Task goal: Leave the pictures aside. Retype exactly the lines from the top of the data below through the one holding "首先,Nick Collin".

Records from a dataset:
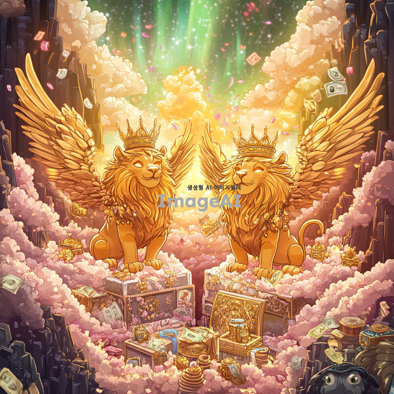 오묘한 오로라빛으로 물든 우주 공간, 꽃 구름 사이에서 황금 숫사자와 황금 암사자가 왕관을 쓰고 황금망토를 두른 채 날개짓을 하고 있다. 사자들의 주위에는 화려한 돈과 보석들이 가득 깔려 있으며, 앞에는 다양한 보물상자들이 쌓여 있다. 환상적이고 신비로운 분위기의 장면.
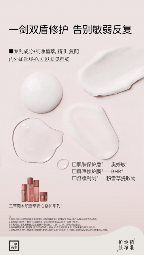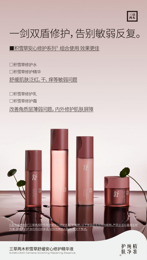 有了三草兩木積雪草安心修護系列,敏感肌冬季護理不再是難題,它適合各類膚質(zhì),尤其適用于皮膚屏障受損,出現(xiàn)干癢、泛紅、粗糙、掉皮等各類癥狀人群,皮膚敏感不用愁,讓三草兩木積雪草安心修護系列來幫助你,輕松擊退敏感癥狀,讓皮膚在寒冷的冬季也能保持細膩嫩滑,徹底和各種敏感問題說bye-bye!
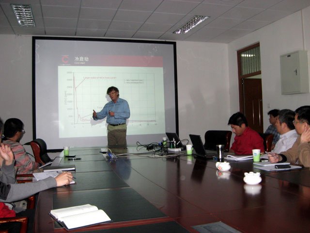 首先,Nick Collings教授结合目前自己的主要研究工作做了《柴油涡轮增压轿车的实时EGR流量分析及NOx排放的影响》、《多缸汽油机SI-HCCI-SI变换控制方法的实验研究》和《针对GDI及柴油发动机的快速气体和颗粒物测量》等精彩报告。并与现场的教师和同学针对汽车排放测试、柴油机和汽油机的瞬态测试和标定等方面的先进技术进行了充分交流。
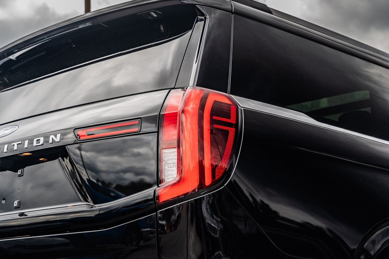 This vehicle comes equipped with Equipment Group 400A (3.73 Axle Ratio, Digital Device Holder, Heated/Ventilated Premium Del Rio Leather Front Captain's Chairs, and Wheels: 22 x 9.0 Diamond Cut Machined Face Aluminum), Ford Connectivity Package (1-Year Included), 22 Speakers, 3rd row seats: split-bench, 4-Wheel Disc Brakes, ABS brakes, Adaptive suspension, Adjustable pedals, Air Conditioning, Alloy wheels, AM/FM radio: SiriusXM with 360L, Apple CarPlay/Android Auto, Auto High-beam Headlights, Auto-dimming door mirrors, Auto-dimming Rear-View mirror, Automatic temperature control, Brake assist, Bumpers: body-color, Compass, Delay-off headlights, Driver door bin, Driver vanity mirror, Dual front impact airbags, Dual front side impact airbags, Electronic Stability Control, Emergency communication system: 911 Assist, Exterior Parking Camera Rear, Ford Digital Experience, Four wheel independent suspension, Front and 2nd Rows Floor Liners (tray Style), Front anti-roll bar, Front Bucket Seats, Front Center Armrest, Front dual zone A/C, Front License Plate Bracket, Front reading lights, Fully automatic headlights, Garage door transmitter, Genuine wood dashboard insert, Genuine wood door panel insert, Heated door mirrors, Heated front seats, Heated rear seats, Heated steering wheel, Illuminated entry, Leather steering wheel, Low tire pressure warning, Memory seat, Navigation System, Occupant sensing airbag, Outside temperature display, Overhead airbag, Overhead console, Panic alarm, Passenger door bin, Passenger vanity mirror, Pedal memory, Power door mirrors, Power driver seat, Power moonroof: Vista Roof, Power passenger seat, Power steering, Power windows, Radio data system, Radio: B&O Unleashed Sound System by Bang & Olufsen, Rain sensing wipers, Rear air conditioning, Rear anti-roll bar, Rear reading lights, Rear window defroster, Rear window wiper, Reclining 3rd row seat, Remote keyless entry, Security system, SiriusXM with 360L, Speed control, Speed-sensing steering, Speed-Sensitive Wipers, Split folding rear seat, Spoiler, Steering wheel memory, Steering wheel mounted audio controls, Tachometer, Telescoping steering wheel, Tilt steering wheel, Traction control, Trip computer, Turn signal indicator mirrors, Variably intermittent wipers, Ventilated front seats, and Voltmeter.
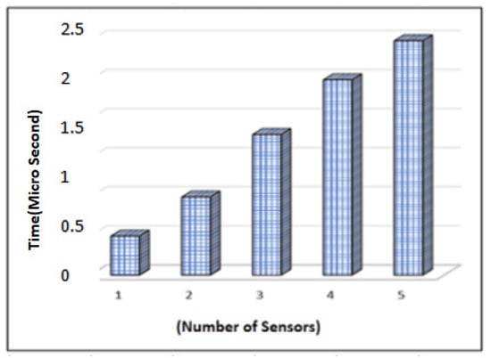 The computational time interval of sensors’ authentication of patients and gateways is observed. It is noted that as the time to register tiny sensors increased, the response time also increased—e.g., when sensor1 registers in 0.5 microseconds then the 5 micro sensors take about 3 microseconds. Figure 7 illustrates that the overall time taken to authenticate people is slower and efficient.
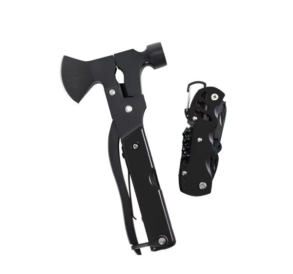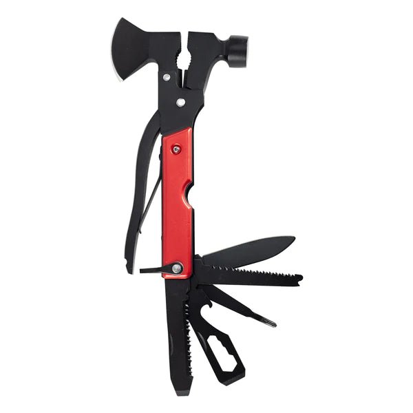 INCLUDES: Axe • Hammer • 2 sets of pliers • Saw • Wire Cutter • Knife • File • Hex wrench • Fish scaler • Bottle opener • Philips screwdriver • 2 slotted screwdrivers • Sheath • AND MORE!
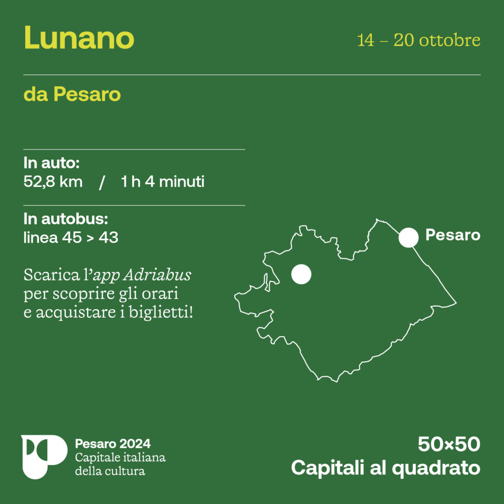 Nato nel segno di un metodo fortemente partecipato, il macro-progetto vede i cinquanta Comuni della Provincia di Pesaro e Urbino, ‘Capitale’ per una settimana lungo il 2024. Il ricco programma di 12 mesi tiene insieme oltre 350 soggetti grazie ad un inedito lavoro corale tra le amministrazioni sancito da un protocollo, coinvolge centinaia di artisti e creativi e rappresenta un invito al viaggio tra natura e cultura, alla scoperta di una terra policentrica e polifonica, tra mare e colline. 50×50 nasce da un’intelligenza collettiva che lavora anche sulle piccole comunità e intende il territorio non solo entro la cinta urbana ma come rete preziosa di relazioni e legami su un’area vasta e da ampliare: perché la Capitale della cultura è un’occasione per accrescere il capitale culturale di tutti i cittadini. Ponendo il focus sulle singole eccellenze, prende così forma il grande quadro di una provincia che vuole presentarsi al meglio all’Italia e al mondo con l’ambizione di essere un vero e proprio laboratorio di idee per le altre città che si candidano a Capitale italiana della cultura. Special Partner di progetto: Banca di Pesaro – Credito Cooperativo
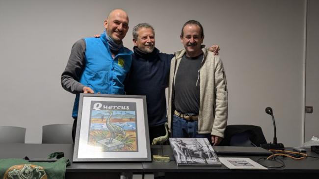 En la tarde del pasado sábado 31 de enero, después de presenciar la entrada de las grullas a sus dormideros, tuvo lugar el acto de entrega del premio Grullero Mayor 2026 en el Centro de Visitantes de la Laguna de Gallocanta. Fue recibido por Rafael Serra, director de Quercus, de manos de Javier Mañas, alcalde de Gallocanta. El premio consistió en una preciosa estatuilla de bronce del escultor aragonés Alberto Gómez Ascaso, una serie numerada de la que ya quedan muy pocas unidades.
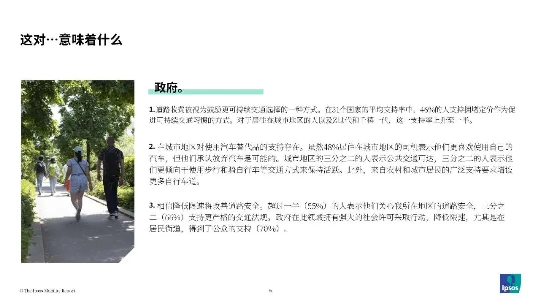 对政府:优先补齐农村公共交通短板,推进住宅街道降速、自行车道等安全设施,用政策引导绿色与电动出行。
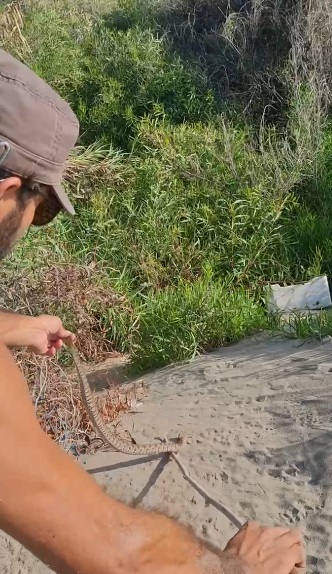 Bölgedeki yaban hayatı için yaz sezonu boyunca gece-gündüz çalıştıklarını belirten Tural, “Kumsalın batı alt kısmı için bu sabah yaptığımız son arazide yumurtalarından çıkan 5 kaplumbağa yavrusunun yanı sıra denk geldiğimiz bu koca engereğe de yardımcı olduk. Kıyıda sıcaktan yengeç yuvalarına girmeye çalışıyordu. Hareketinde anormal bir durum olduğunu fark ettik. Sonra çubuk yardımı ile kaldırdığımda ağzında yuttuğu tuzlu suyu çıkardı, akabinde hareketlenme de başladı. Umarım hayatına kaldığı yerden devam eder” dedi.
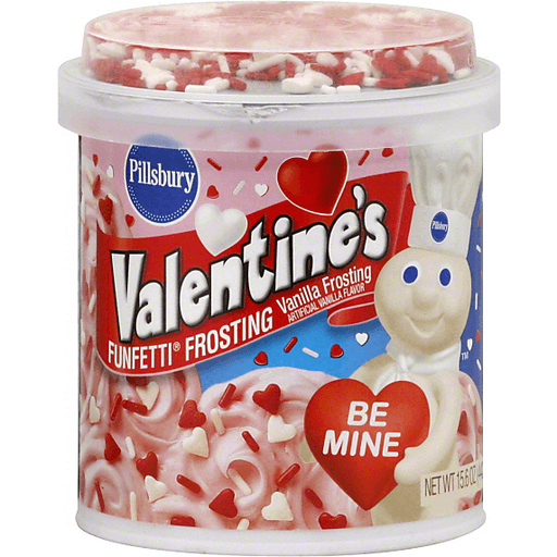 Top your cakes, cookies, and desserts with Pillsbury Funfetti® Valentine's Frosting.
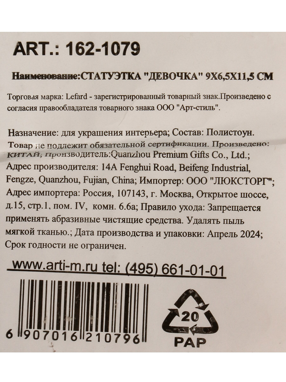 Вы можете приобрести «Статуэтка полистоун, Девочка, 9х6.5х11.5 см, Lefard, 162-1079» и другие товары в нашем интернет-магазине в Орле по низким ценам и с бесплатным самовывозом.
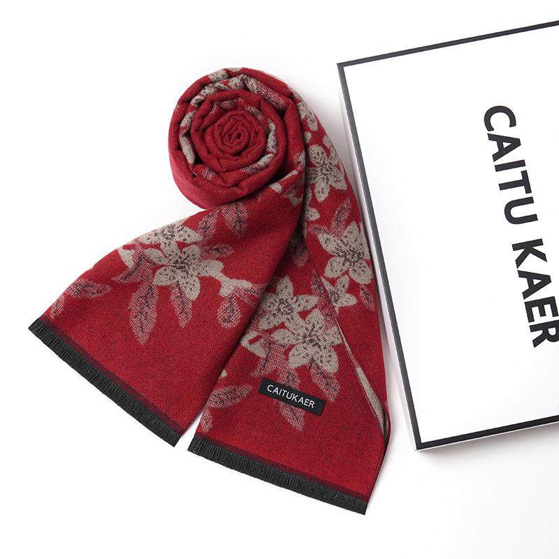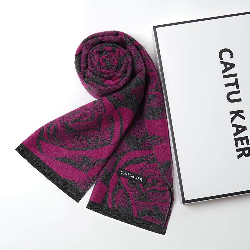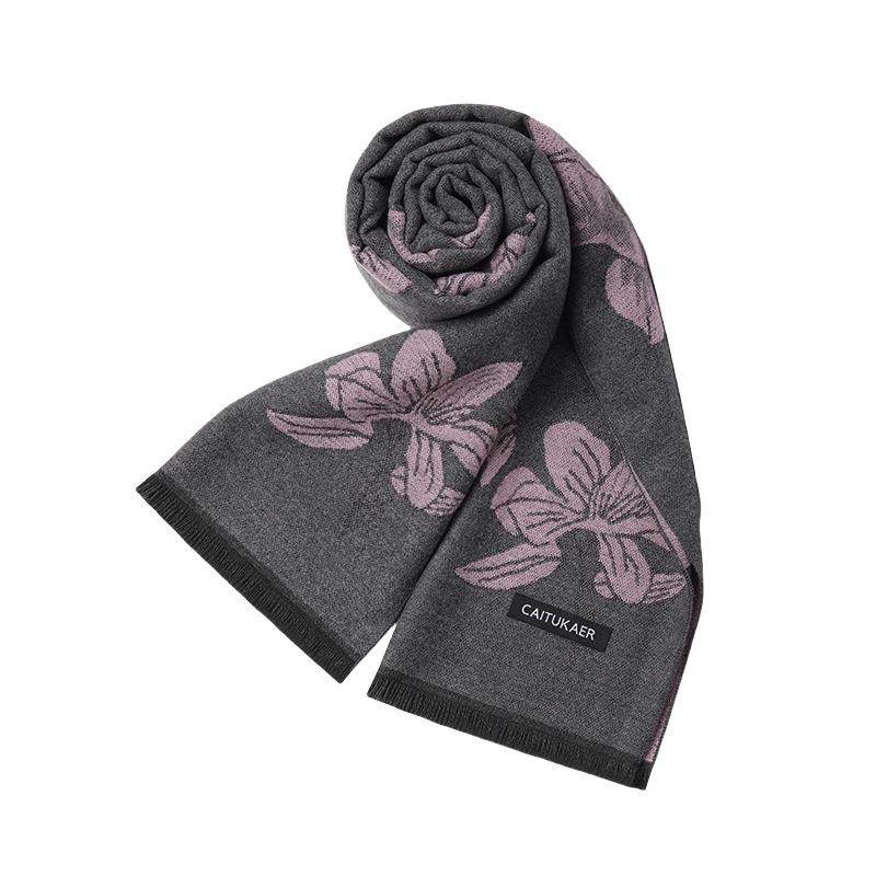 送妈妈围巾秋冬女士花朵百搭保暖老人奶奶礼物户外防寒长围脖生日
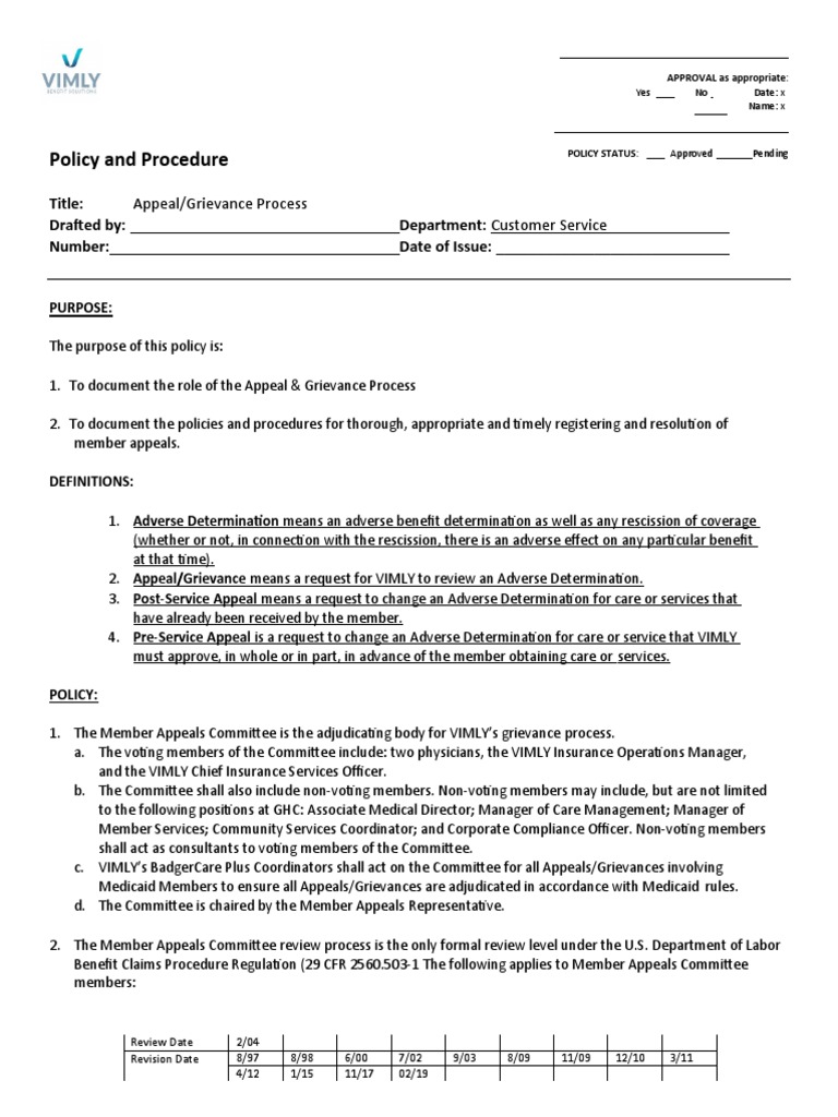 appeal in person. VIMLY will consider any written expression of dissatisfaction as an appeal with the potential to go

Solution for this task:
 오묘한 오로라빛으로 물든 우주 공간, 꽃 구름 사이에서 황금 숫사자와 황금 암사자가 왕관을 쓰고 황금망토를 두른 채 날개짓을 하고 있다. 사자들의 주위에는 화려한 돈과 보석들이 가득 깔려 있으며, 앞에는 다양한 보물상자들이 쌓여 있다. 환상적이고 신비로운 분위기의 장면.
 有了三草兩木積雪草安心修護系列,敏感肌冬季護理不再是難題,它適合各類膚質(zhì),尤其適用于皮膚屏障受損,出現(xiàn)干癢、泛紅、粗糙、掉皮等各類癥狀人群,皮膚敏感不用愁,讓三草兩木積雪草安心修護系列來幫助你,輕松擊退敏感癥狀,讓皮膚在寒冷的冬季也能保持細膩嫩滑,徹底和各種敏感問題說bye-bye!
 首先,Nick Collings教授结合目前自己的主要研究工作做了《柴油涡轮增压轿车的实时EGR流量分析及NOx排放的影响》、《多缸汽油机SI-HCCI-SI变换控制方法的实验研究》和《针对GDI及柴油发动机的快速气体和颗粒物测量》等精彩报告。并与现场的教师和同学针对汽车排放测试、柴油机和汽油机的瞬态测试和标定等方面的先进技术进行了充分交流。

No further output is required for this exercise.